Saat mesoapendiks terlibat dalam proses inflamasi, seringnya dilakukan membagi
apendiks pertama dengan stapler linear lalu membagi mesoapendiks yang berdekatan
dengan apendiks dengan menggunakan klip, elektrokauter, skalpel harmonik, atau
staples. Apendiks dikeluarkan dari rongga abdomen melalui trocar. Dasar apendiks dan
mesoapendiks dievaluasi untuk hemostasis. Kuadran kanan bawah harus diirigasi.
L. Manajemen Postoperatif
Pasien mungkin akan habis dalam waktu 24 jam setelah apendektomi tidak
komplikasi. Biasanya, mereka diberi diet dalam waktu 12 jam operasi. Ada penelitian
laboratorium lebih lanjut biasanya. Ada antibiotik lebih lanjut diberikan setelah operasi untuk
pasien dengan apendektomi tidak komplikasi, selain antibiotik profilaksis sebelum operasi
diberikan.
M. Diagnosis Banding
Pertimbangan dari penyebab lain nyeri di RLQ dan perbandingan lain dari apendisitis
sangat membantu. Apendisitis dapat menyerupai hampir semua penyakit yang terjadi pada
rongga perut serta masalah-masalah ekstraperitoneal yang menghasilkan gejala perut.
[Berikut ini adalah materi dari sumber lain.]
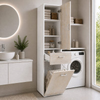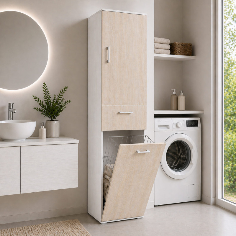 La colonna porta biancheria Laundrycompos è un mobile salvaspazio dal design moderno, pensato per ambienti funzionali come lavanderie e bagni. La sua struttura verticale e compatta consente di ottimizzare lo spazio senza rinunciare alla capienza. È composta da un vano superiore con anta battente, perfetto per riporre detersivi, accessori per la pulizia o piccoli oggetti, un cassetto centrale utile per avere a portata di mano ciò che serve quotidianamente, e un pratico vano inferiore basculante con cestello in metallo, ideale per contenere biancheria o piccoli capi da lavare. Il cestello basculante è progettato per un facile accesso e garantisce anche una buona ventilazione. Le maniglie in ABS, semplici ed ergonomiche, si integrano con lo stile sobrio del mobile.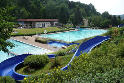 Das beheizte Waldschwimmbad finden Sie im idyllischen Heienbachtal. Rund um die Schwimmbecken laden gepflegte Liegewiesen mit sonnigen und schattigen Plätzen zum Verweilen ein. Ein Kinderplanschbecken (Spielbach von 12 m Länge, Strandbereich, Rutsche), ein Nichtschwimmerbecken (Kleinrutsche, Strandbereich, Wasserpilz, Bodenblubbler), eine Großwasserrutsche (ca. 72 m), ein Edelstahl- Schwimmerbecken (50 m) und ein 1- und 3-m-Sprungturm sorgen für die nötige Abkühlung bei sommerlichen Temperaturen. Ein Spielplatz und eine Spielwiese bieten Abwechslung, für das leibliche Wohl sorgt ein Kiosk mit sommerlichen Spezialitäten.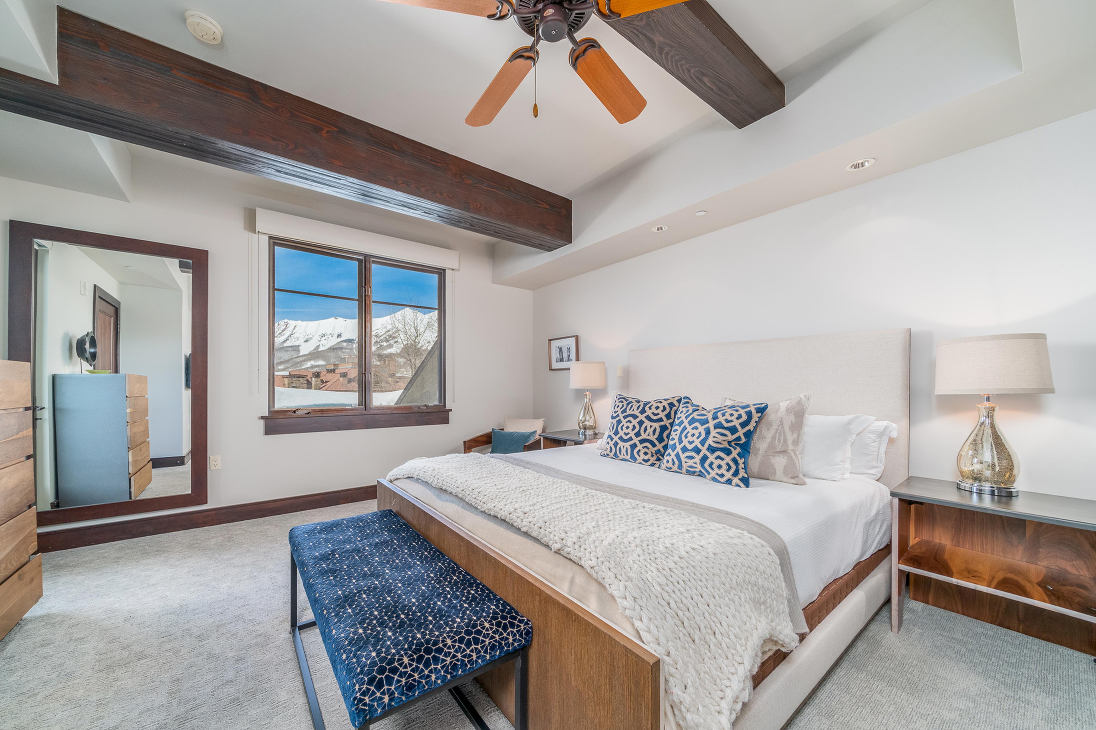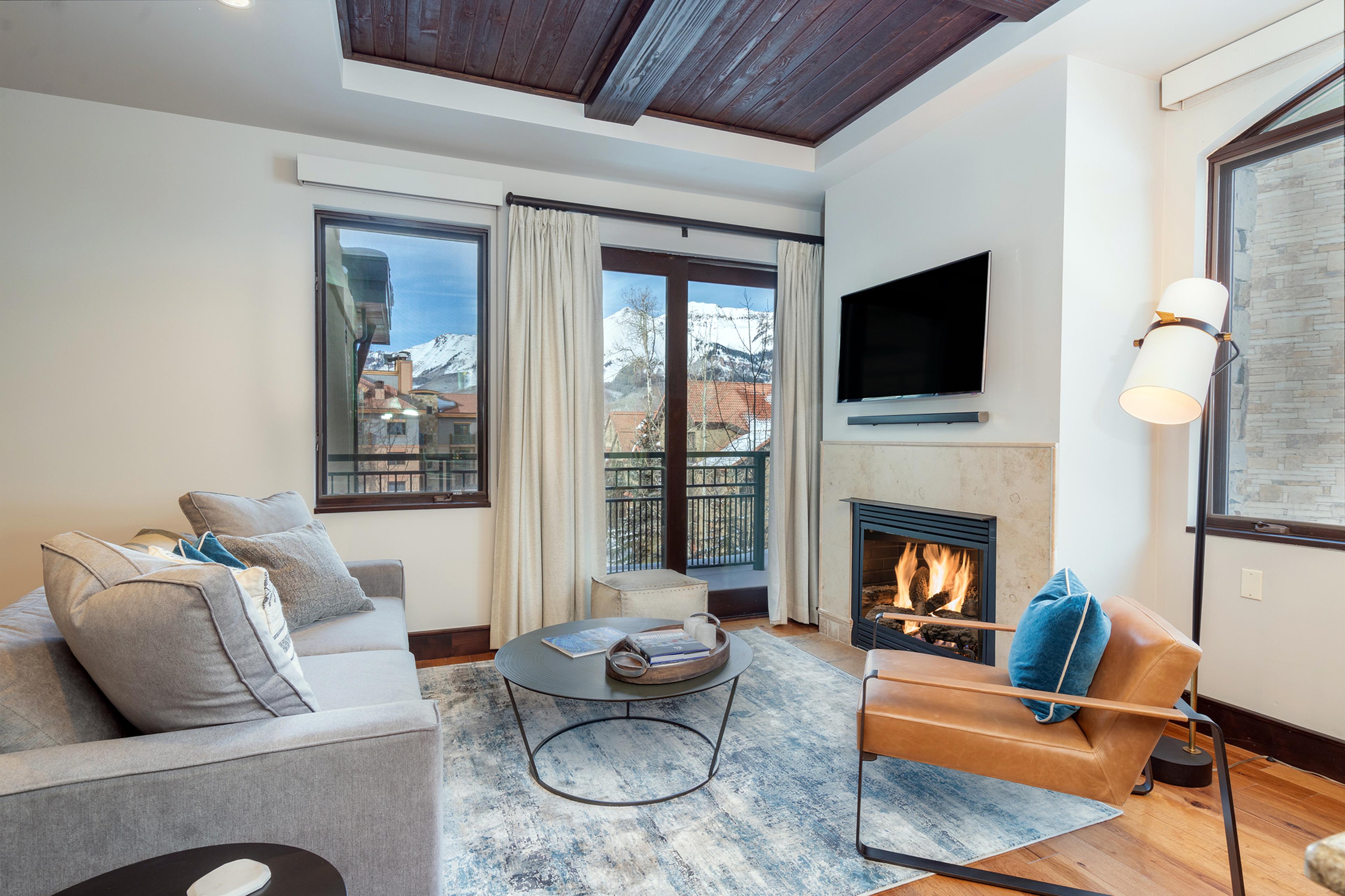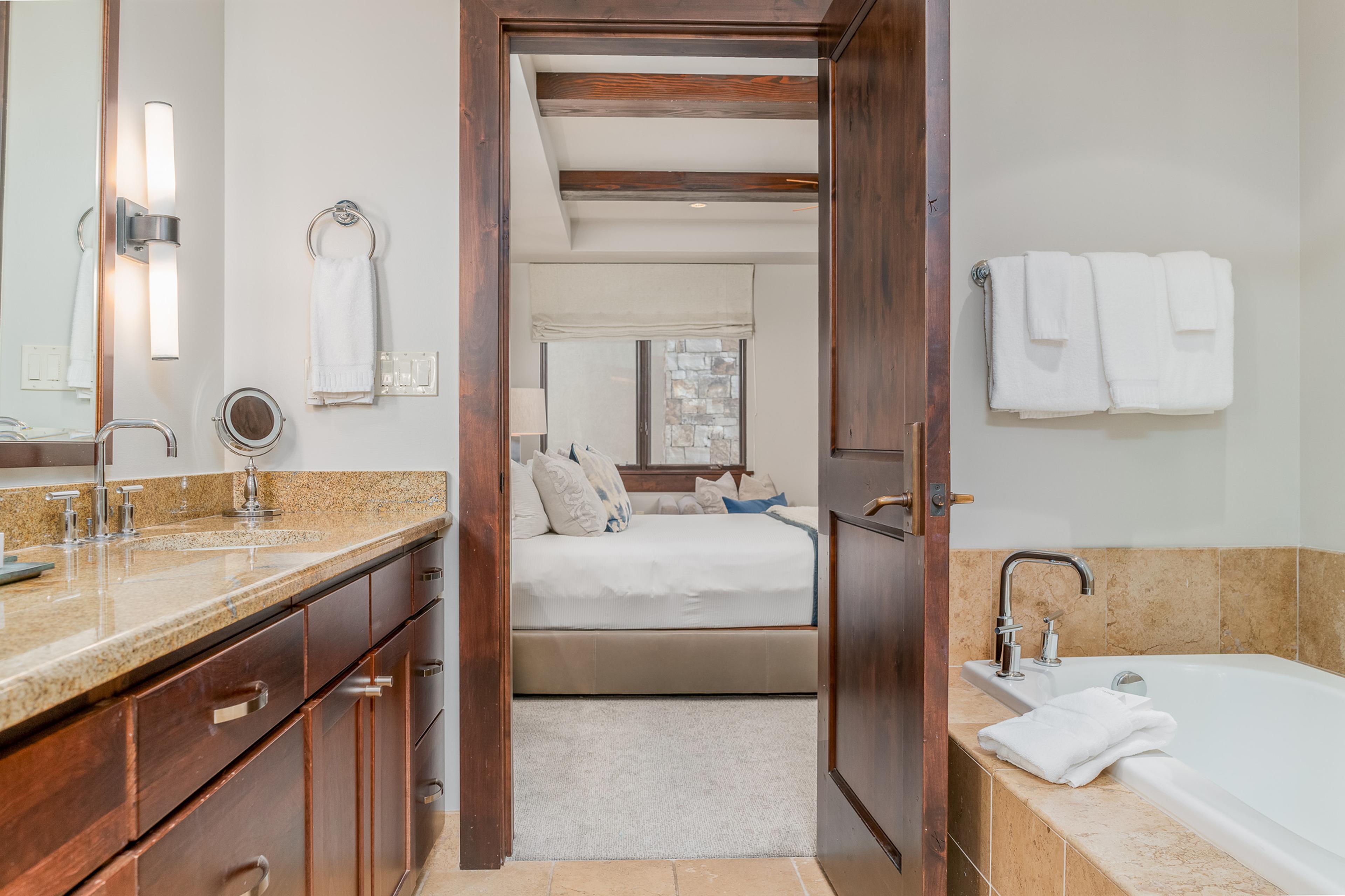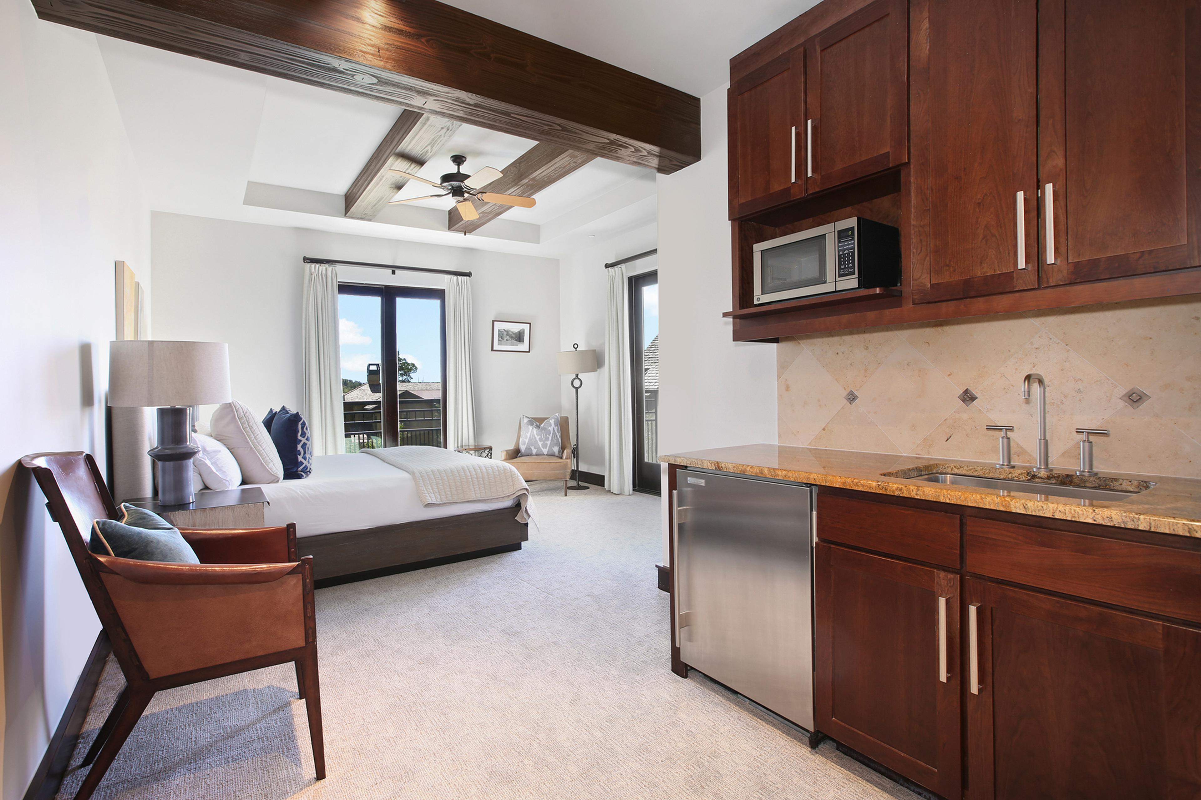At roughly 300 square feet, the Studio Deluxe is Lumière’s smallest category—best suited to shorter stays, lighter packing, and guests who want a simpler foothold in Mountain Village. Views are limited or absent, but the room keeps the same quiet, polished finish as the larger accommodations.

Dengan pendekatan entitas penyakit berikut mengarahkan dokter dalam interogasi dan
pemeriksaan.
1. Adenitis Mesenterika
Istilah adenitis mesenterika adalah radang pembesaran kelenjar getah bening
mesenterika, terutama di wilayah terminal ileum. Umumnya, ketika apendiks nomal dan
tidak ada sumber lainnya untuk nyeri RLQ yang ditemukan, adenitis mesenterika
disalahkan. Petunjuk untuk diagnosis termasuk mencari infeksi saluran pernapasan atas
atau otitis media, karena kondisi ini dapat mendahului nyeri perut. Muntah tidak
menonjol. Demam mungkin tinggi. Adenopati umum dapat dicatat tetapi ini jarang
terjadi. Rasa sakit adenitis mesenterika dimulai di RLQ, bukan midabdominal.
3. Infeksi Yersinia
Infeksi organisme Yersinia enterocolitica atau Yersinia pseudotuberculosis dapat
terlibat sebagai penyebab nyeri perut mirip apendisitis. Patofisiologi berkaitan dengan
konsumsi organisme dari makanan terkontaminasi. Demam dan nyeri perut mungkin
lebih menonjol daripada diare, meskipun banyak pasien yang terinfeksi Yersinia tidak
menunjukkan gejala. Sindrom klinis lainnya telah dikaitkan dengan Yersinia seperti
ileitis, colitis, dan arthritis akut. Eritema nodosum, uveitis, atau arthritis mungkin
komplikasi postinfeksius dalam persentase yang tinggi. Pada 10% pasien, Yersinia
sebenarnya mungkin agen penyebab apendisitis akut atau mungkin mewakili
epiphenomenon. Oleh karena itu, kemampuan untuk diffrensiasi infeksi Yersinia dari
apendisitis akut mungkin tidak secara klinis layak atau relevan.